It’s all about SL*
Chapter 4 of Google’s SRE book focus on defining service level as a measurement tool. I know, this is not a SRE post, but bare with me for a few moments, so we could all speak the same language. What are those service levels?- SLI – service level indicator: “A carefully defined quantitative measure of some aspect of the level of service that is provided”. SLI is just a fancy name for a metric that lets us measure how well a service is functioning. For example, the percentage of failed requests, out of all requests.
- SLO – service level objective: “A target value or range of values for a service level that is measured by an SLI”. Given an SLI, the SLO defines what should be the value (or range of values) for these metrics. For example – given the previous SLI (percentage of failed requests), one can define an SLO of 5%.

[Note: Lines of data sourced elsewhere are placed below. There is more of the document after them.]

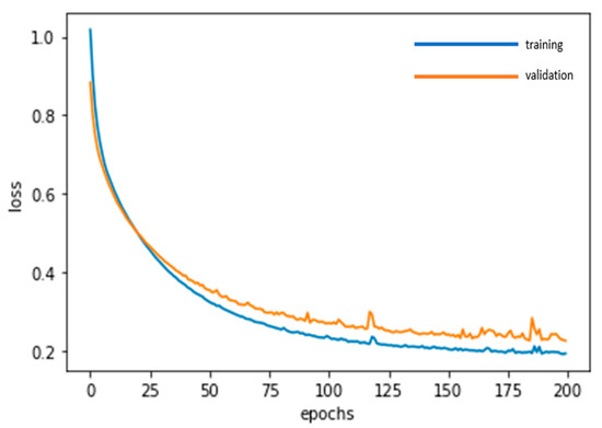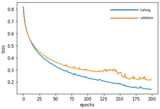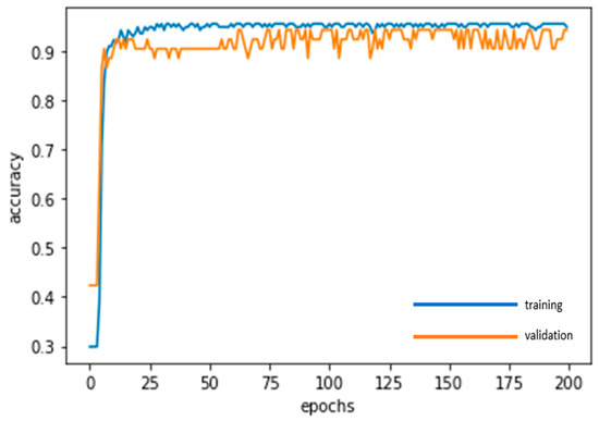 In a similar vein, the training dataset and the validation dataset are used for the GRU deep learning and repeated adjustments until the model becomes stable. The loss function in Figure 14 and the accuracy in Figure 15 gradually converge during the training process and stabilize after 200 epochs (which requires 1.4 s). The training dataset yields an accuracy of 94.81%, while the validation dataset is 94.23%.
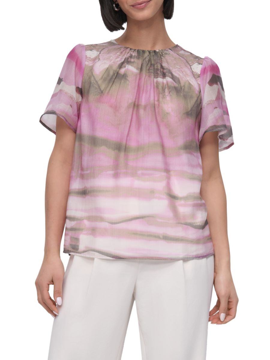 Топ с абстрактным принтом DKNY, цвет Pink Multicolor
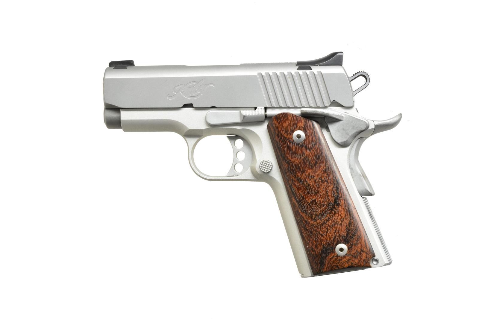 Cal. 45 ACP. S# KU06549. Bbl. 3”. Low profile sights. Skeleton hammer. Extended beavertail safety. Lightweight adj. trigger. Smooth walnut grips. Checkered flat mainspring housing. MAGS: 1-7 rd. UNATTACHED ACCESSORIES: matching numbered Kimber black plastic box. CONDITION: overall near excellent w/ some light wear to grip safety & a few scattered light handling marks. Near excellent grips. Near excellent shiny bore w/ very nice rifling. (20-3697/ZAL). MODERN. $500-700.
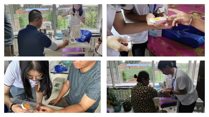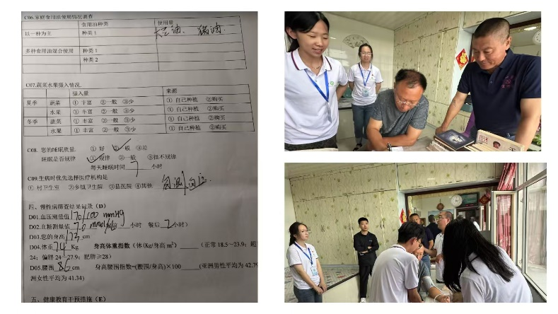 除此以外,志愿者们在老师的指导下还熟练地掌握了测量血压、血糖的技术。此次活动,同学们对农村防治高血压、糖尿病现状有了深入直观地了解。在进行健康问卷调查过程中,我们积累了与人交流沟通的技巧。通过对相关医学问题的思考,同学们也进一步拓宽了科研思路。
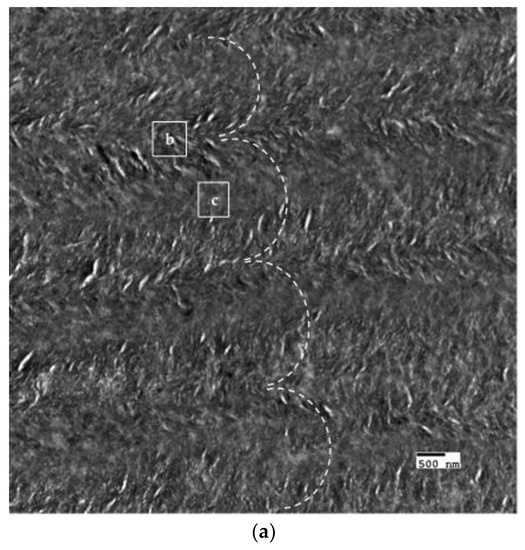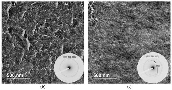 The crosslinked scaffolds appeared to be heavily mineralized when viewed in bright field TEM and AFM (Figure 3, Figure 4 and Figure 5). The collagen matrices served as a template for mineralization during the PILP process, the resulting mineral provided adequate contrast to reveal the underlying cholesteric microstructures, which were still present in all groups. Continuous spherical lamellar domains spanned tens of microns with thin, less-organized domain “boundaries” (Figure 3). These regions resemble mineralized versions the “interconnected spherulitic”, “loose cholesteric”, and “dense cholesteric” phases, as characterized by Mosser et al. using a combination of TEM and PLM to visualize dense collagen matrices reconstituted in vitro [39]. The herringbone pattern shown in Figure 4a is a classic cholesteric pattern shown previously in a variety of natural materials and described in exquisite detail by Bouligand [3]. To help interpret the image, and to confirm the intrafibrillar mineralization of collagen fibrils, electron diffraction patterns were obtained from the regions marked ‘b’ and ‘c’ in Figure 4a. The absence of the (002) reflection in the diffraction pattern from region ‘b’ indicates that the crystallographic c-axes (e.g., the collagen fibril axes) are oriented nearly perpendicular to the image plane, while the presence of the (002) in the region ‘c’ diffraction pattern shows that the collagen fibrils lie in the plane. Notably, the two regions marked ‘b’ and ‘c’ in Figure 5 correlate nicely with the relatively recently characterized “lacy/nested/acicular” and “filamentous” nanoscale mineral patterns that were observed in compact lamellar bone [43,44].
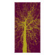 Uma silhueta de uma árvore no inverno em cores amarelas e vermelhas profundas.
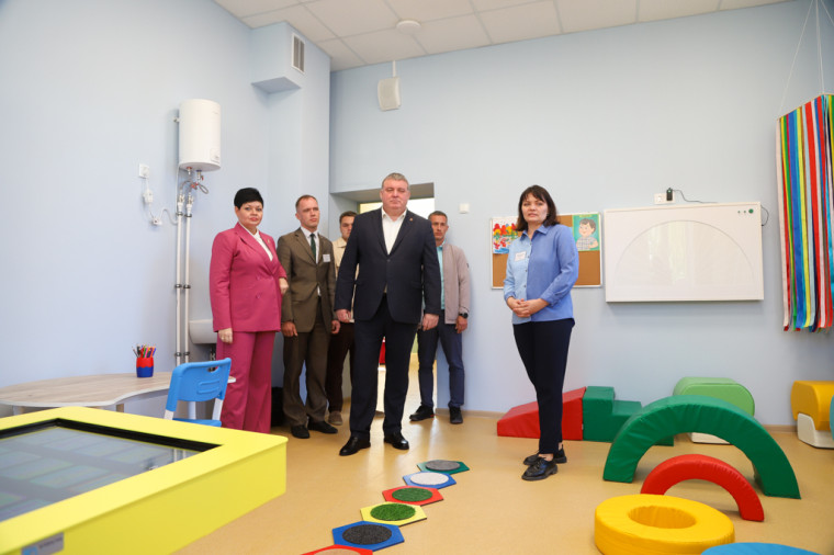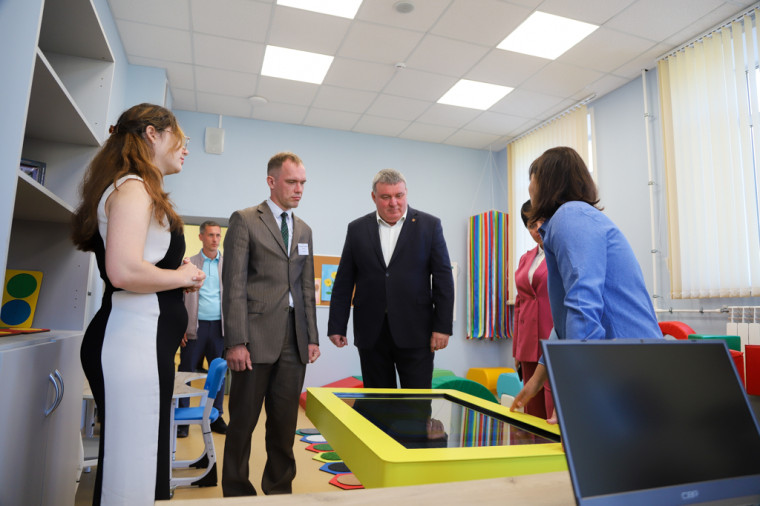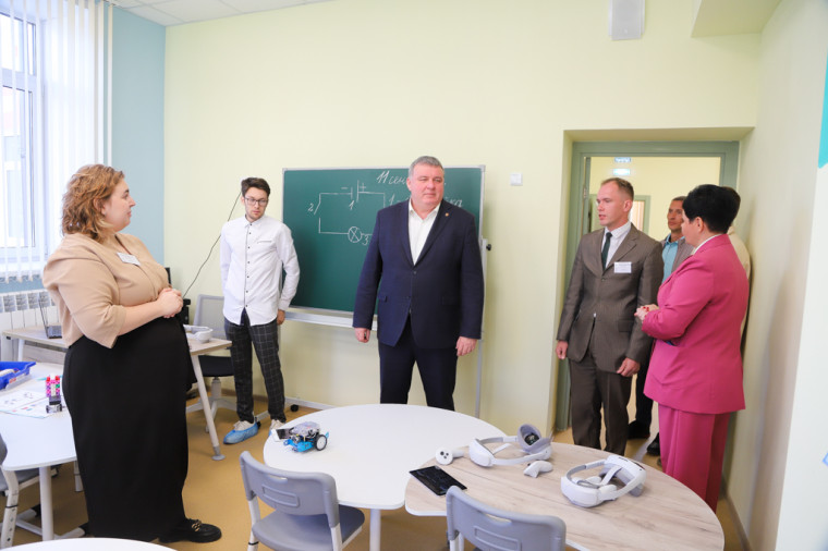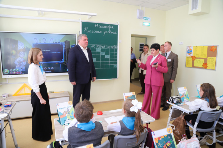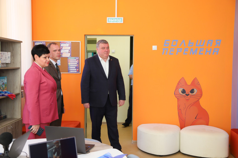 Глава администрации города осмотрел обновленное здание школы, посетил спортивный и гимнастический залы, учебные классы, кабинет психолога, столовую, центр детских инициатив и площадку правил дорожного движения. В центре детских инициатив для всестороннего развития учеников работает отделение «Орлята России». На специально оборудованных площадках в здании школы и на пришкольной территории ребята могут изучать правила дорожного движения.
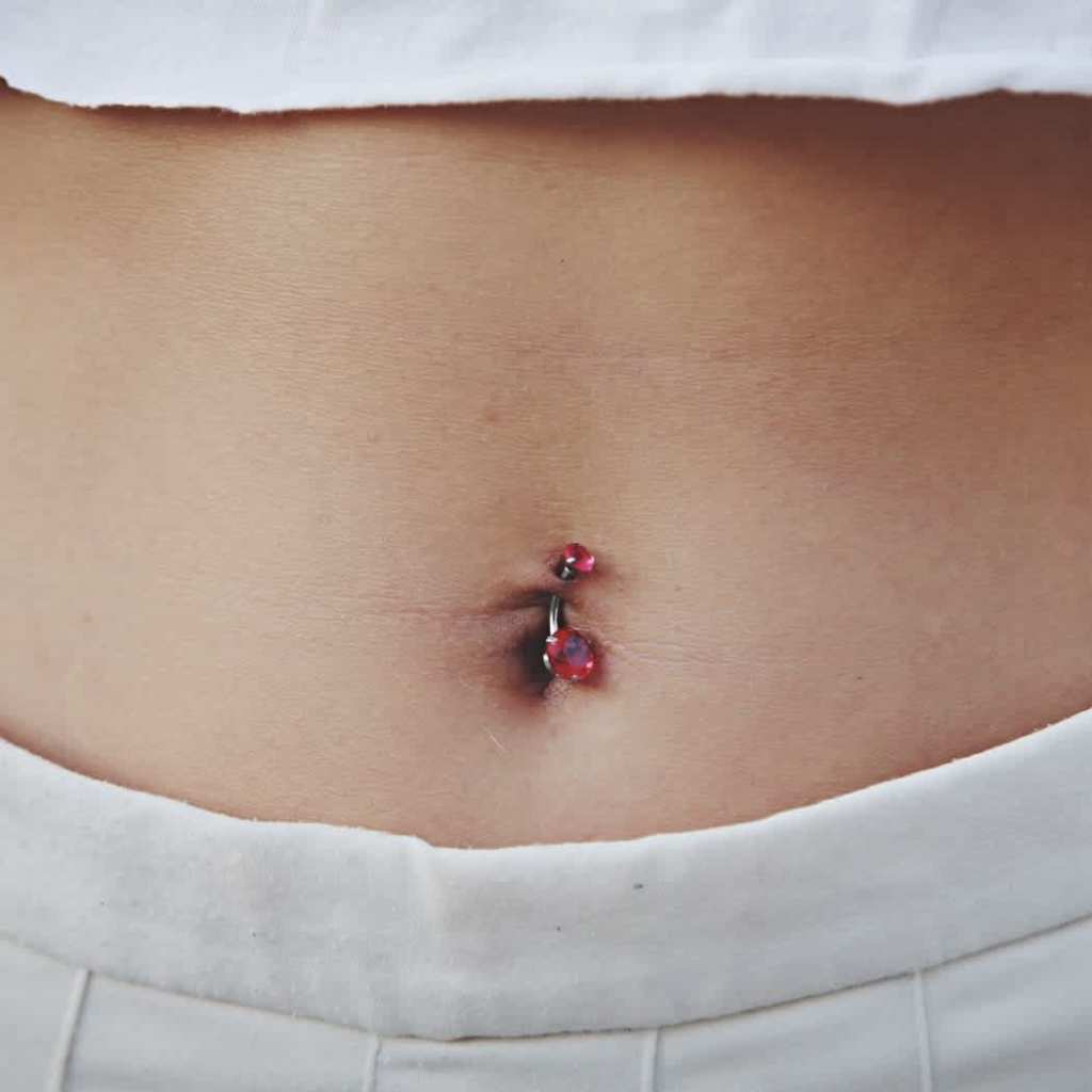 This piercing’s healing really depends on the type of jewelry you choose. In general, navel piercings heal within nine to 12 months, but choosing jewelry that doesn’t work with your anatomy can increase healing time. As Gottschalk said, “A lot of people aren’t really suited for a traditional navel piercing, and there are ways to work around that.” Alternatives to the traditional navel include a “floating navel” piercing, which is done using jewelry with a flat disk on the bottom and a gem on top, but ask your piercer for advice before making your final decision.
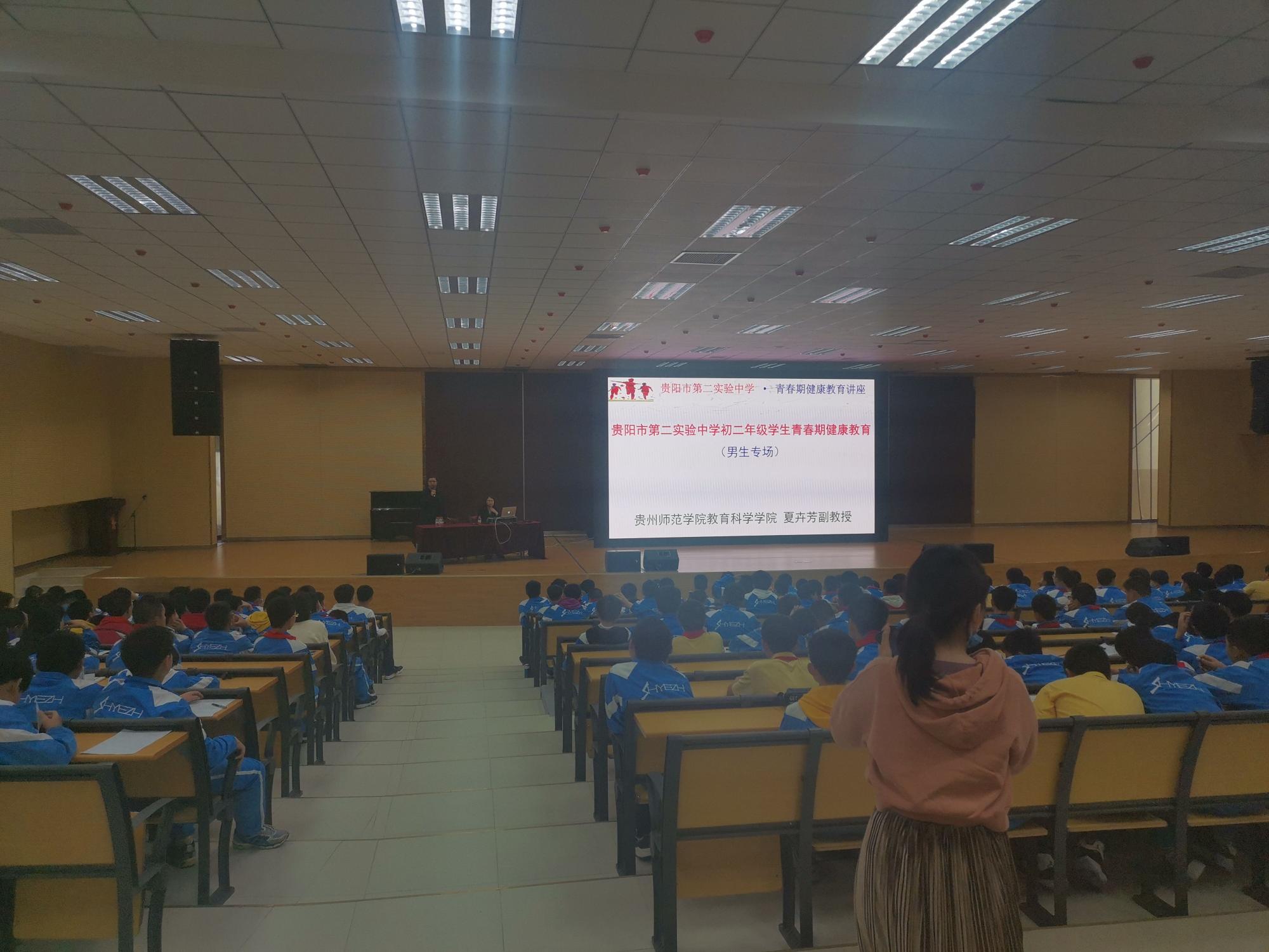 夏卉芳副教授受贵阳市第二实验中学邀请开展以“青春期健康教育”为主题的讲座,讲座分为男生专场和女生专场,培训学生近千人(998名学生)。
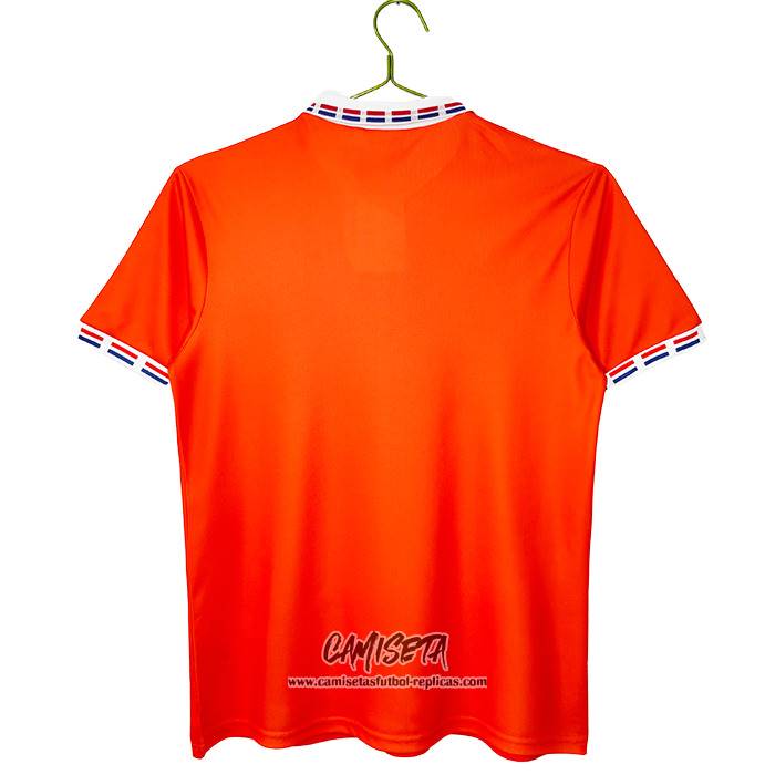 Primera Camiseta Paises Bajos Retro 1996 esta confeccionada con un tejido transpirable que repele el sudor para mantenerte fresco, seco y cómodo dentro y fuera de la cancha. Una replicas camisetas futbol que puedes usar a diario, jugar al fútbol o disfrutar de los partidos con tus amigos sin problemas.

- SLA – service level agreement: “An explicit or implicit contract with your users that includes consequences of meeting (or missing) the SLOs they contain”. SLA is how we communicate outside our SLOs. Giving the previous example, our SLO should be 5%, but we can decide our SLA is a bit less strict – for example 10%. This gives us some flexibility because usually breaching an SLA usually has a business impact (for example, our SLA might be part of the contract we signed with our users).
Measuring our AppSec program
You can’t manage what you can’t measurePeter DruckerDefining metrics is critical to a successful AppSec program (And you can see that bot SAMM and BSIMM specify it). Measuring our AppSec program serves 2 purposes:
- Allows us to declare what is important to us, and clearly communicate it
- Allows us to track our progress, especially to measure if our money/time is well spent
- SRI – service risk indicator: a carefully defined quantitative measure of some aspect of the risk of service that is provided (almost the same definition). This should be a single metric that allows us to measure the risk of a given service (or maybe a team/company/feature?). Here the examples could be – number of monthly security incidents, number of monthly reports from a bug bounty, SAST/DAST input, PRs with security code review, or maybe even percentage of features that conduct a threat model.
- SRL – service risk level: A target value or range of values for a service risk that is measured by an SRI. This is where things become interesting: What if we a team define their own SRIs? One team might need a stricter SRO, and choose the number monthly of reports as their SRI. This team could choose 1 as their SRO, and act accordingly.
- SRA – An explicit or implicit contract with your users that includes consequences of meeting (or missing) the SROs they contain. By defining SRAs, we can communicate better to our users, for example, the security of our product. Imagine having a status page, like the one you already have, just for SRAs – it gives a lot of visibility to your users about what you care about and how secure the product they’re using is.
Error Budget
Chapter 3 of Google’s SRE book discusses the idea of “Error Budget”: “The error budget provides a clear, objective metric that determines how unreliable the service is allowed to be within a single quarter”. Error budget allows us to have an informative discussion about technical issues. For example, should we spend time in the next sprint in re-writing a service? Without data, it’s basically a fight between the product manager and the developers.A discussion without Error Budget via GIPHY
So how this relate to the previous SL* discussion before? The error budget is highly tightened to our SLO. Each time the SLO is breached, some of the error budget is burned – depend on how much time it was breached. Ee can now look at when planning features. Do we think re-writing service is critical? Let’s define, together, how many of the error budget are we accepting to burn each month/week before stopping and investigating time on technical issues? 5%? 10%? The error budget lets us set the balance we agree upon between features and technology. There is no right answer here – each team has the answer right for them. But once we agreed on a number – for example, 5%, we can use this when planning and discussing what we should do next. More important, we can easily communicate outside and inside our team.